In 1890, the Sherman Antitrust Act was passed by Congress in an effort to check the growth of monopolies. The act stated that any business grouping that attempted to restrict trade or commerce was illegal. The language of the legislation, however, proved to be too vague to curb monopolies. Then, in 1914, the Clayton Antitrust Act was passed to strengthen the Sherman Antitrust Act. It contained more precise language and declared that it was illegal for companies to enter into agreements to fix or control prices such that competition was reduced or eliminated. Price fixing was made a felony.  The Antitrust Division of the United States Department of Justice prosecutes both criminal and civil cases of price fixing. The U.S. Federal Trade Commission also prosecutes civil cases. In addition, many states’ attorneys general also prosecute cases at the state level. Individual citizens and organizations also have the right to bring suit against business entities for price fixing. Cases of international price fixing by private companies or cartels that either are based or sell in the United States are also prosecuted under the United States antitrust laws.  In 1991, the Coalition against Price Fixing attempted to get Congress to pass the Consumer Protection against Price Fixing Act.
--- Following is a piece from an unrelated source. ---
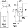 U-stezaljka s bazom glave čekića, metalna tlačna posuda sa zaobljenim rubovima za zaštitu kabela. Za vertikalnu i horizontalnu montažu 1 pojedinačnog kabela na C-profilnu šinu. Za širinu proreza 16 - 17 mm. S 1-pokretnim vijkom na tlačnom spremniku, univerzalna šesterokutna glava vijka SW10, s utorom i križnim utorom. Pogodan za unutarnju i vanjsku montažu. Kontra korito se mora posebno naručiti.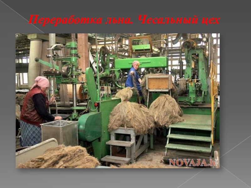Слайд 13Переработка льна. Чесальный цех

The bill passed the Senate but failed to become law. The bill resulted from the efforts of a group of retailers from various market sectors to prohibit a manufacturer from setting a minimum price at which its product could be sold and refusing to supply retailers who sold at lower prices. 

Summary of Price Fixing
Price fixing eliminates competition and forces buyers to pay higher prices than the market would normally bear. The practice undermines the concepts that support the free enterprise economy of any country.